By now I was well out of my stride and it wasn’t until two laps later that a chap in a Mini-Cooper caught me up and I started to drive half-properly again. All the Porsches had gone by at this stage while the Mini man had started 10 sec. behind but with a lap credit. For the rest of the race we had a really enjoyable dice and he passed me into the chicane on one lap when I so nearly had an accident. The next lap I re-passed him when he went wide coming out of the chicane while all the time we had another Escort hot on our tails. Finally the Mini man got the better of me and I was tucked in behind him when, with a lap to go, he got the chequered flag—in theory he had a lap start. So it was all over and we slackened our pace and were all beckoned back to the grid for the presentation. In fact, the chap in the Mini had exceeded his practice time by too large a margin and thus fooled the handicappers so he was disqualified, as was a BMW 2002 driver. So I was really cheated out of an extra lap.

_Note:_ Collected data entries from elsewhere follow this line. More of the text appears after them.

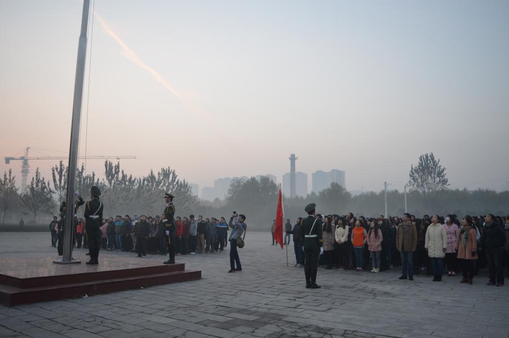 清晨的云雾挡住了阳光,但却遮不住国旗的红艳。11月17日早晨6:30,艺术学院全体学生及教师代表一齐聚在国旗广场,参加了艺术学院举行的升国旗仪式。
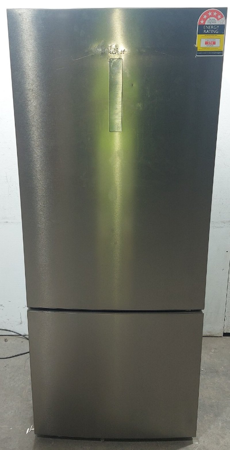 Haier Refrigerator and freezer, stainless steel. Dims: 182 H, 70 D, 63 W Model no : HRF450BS2 Serial no: BJOWLOEAA00BDN3T0051 Notes: item untested and signs of wear.
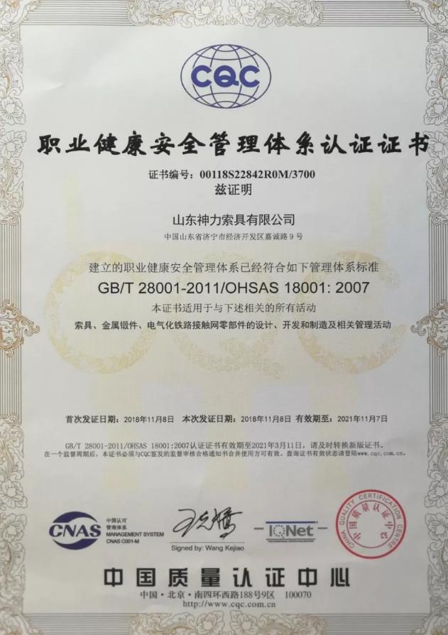 職業(yè)健康安全管理體系證書
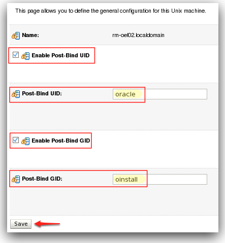 Now, tick the two items Enable Post-Bind UID and Enable Post-Bind GID.
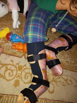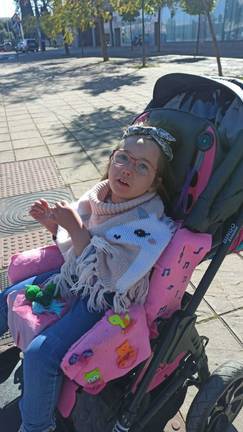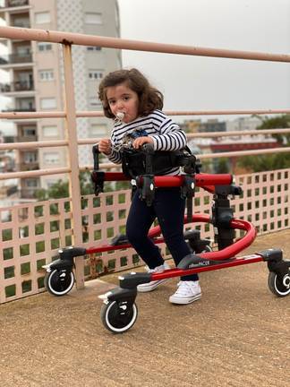 "La sacamos todos los días de paseo y está comenzando a dar sus primeros pasos en su andador que se lo ha recetado la Seguridad Social. También utiliza dafos durante el día y durante la noche para corregir sus pies y que obtenga un paso más firme", ha explicado esta madre.
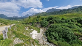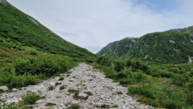 Tout va bien jusqu’à ce que le sentier ne disparaisse dans un pierrier, vraisemblablement créé par un éboulement de terrain. Les derniers mètres se font à l’aveuglette, dans les hautes herbes, où nous mesurons avec précaution chaque pas, afin d’éviter l’entorse que pourrait causer un rocher dissimulé.

There was considerable deliberation by the officials while we all talked excitedly about how we almost had accidents and J.W. told frightening tales of his throttle sticking open at the chicane. The winner turned out to be Formula Ford driver Richard Leach driving one of the just-announced Toyota Celicas, but J.W. upheld Standard House honours by finishing an excellent third. I was placed down in 19th spot, which I suppose is a start if nothing else, while Cutting had worked his Escort up to sixth place off the same handicap. Anyway, I received a consolation of a Contour long-playing record for my efforts, the car was in one piece and I had really enjoyed myself. The aftermath included legs, and particularly arms, which ached for about two days after and a very nice mention in the race report in Autosport which said I was cheered on at the chicane by a band of enthusiastic followers, apparently mainly the F3 boys, who I know well. Actually I was trying so hard I never saw them.

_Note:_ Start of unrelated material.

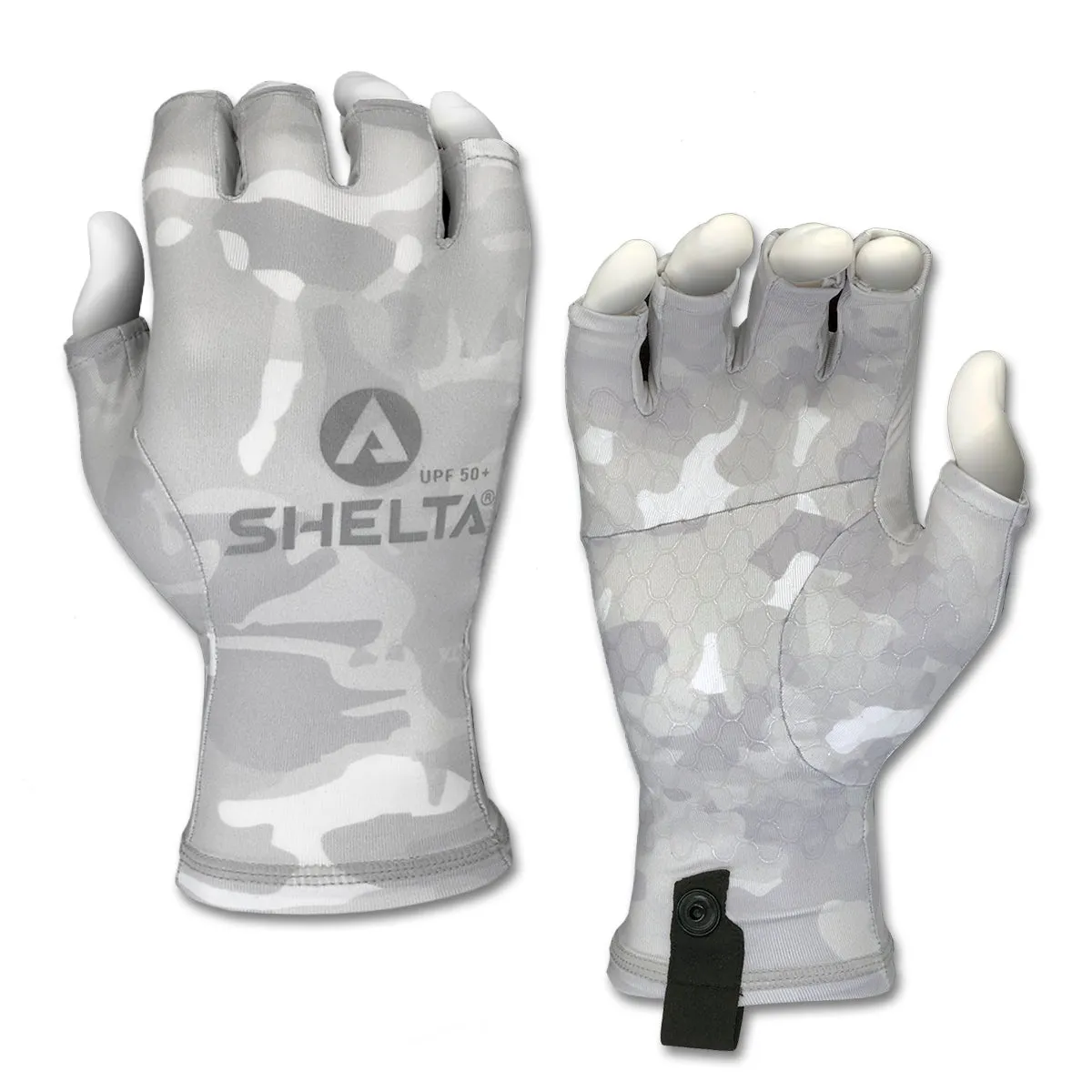Made from lightweight, UPF 50 rated moisture wicking stretch fabric, this finger less glove protects your hands from harmful UV rays. Asymmetrically sewn panels give you a comfortable fit and the silicone gel pattern on the palm provides a non-slip grip. The pull tabs have snaps to connect the pair for storage and make it easier to put on and take off. Comes in two sizes. Works as well in the water as on land. These are light weigh sun protection gloves. Not meant for work gloves.

Naturally I want to have another go and see if I can go faster next time, for I can assure everyone there is a world of difference between track and road driving. It looks as if Group 1 racing has a big future in Britain, although the present handicap system is not very satisfactory. What could happen, however, is that Group 1 will become big business and the novices will not stand a chance. I would advise those wanting to start racing on a limited budget to buy a car primarily for racing rather than attempt to use a road car as I had done. The advertisement columns of the racing weeklies have plenty of quite competitive second-hand cars at under £750, particularly smaller-capacity saloons, modified sports cars (Sprites, etc.), or Clubman’s cars. One can then learn the ropes fairly quietly over a season and then decide whether to carry on into single-seater racing and/or more professional classes. Incidentally, Motor Sport is always willing to offer advice to prospective racing drivers.

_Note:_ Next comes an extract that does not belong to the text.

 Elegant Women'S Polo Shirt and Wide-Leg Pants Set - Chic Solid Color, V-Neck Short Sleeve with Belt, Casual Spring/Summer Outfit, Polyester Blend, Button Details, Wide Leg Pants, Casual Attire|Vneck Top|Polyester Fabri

The day after Thruxton I went to Castle Combe to report and there was a race in the Escort Mexico Challenge series. I was sorely tempted to try for a late entry but as Ford had no prior knowledge decided I had better not. Escort Mexico racing is decidedly hairy and there have already been multiple pile-ups. The great majority of the drivers are very experienced and all determined to do well and I consider it to be far from a beginners’ class as was originally intended.

So I have made my racing debut and maybe I will have a chance to try again. Thanks should go particularly to AVO, first for lending us the car but second for producing a machine which makes a terrific road car yet far from disgraces itself at club race or rally level.A. R. M.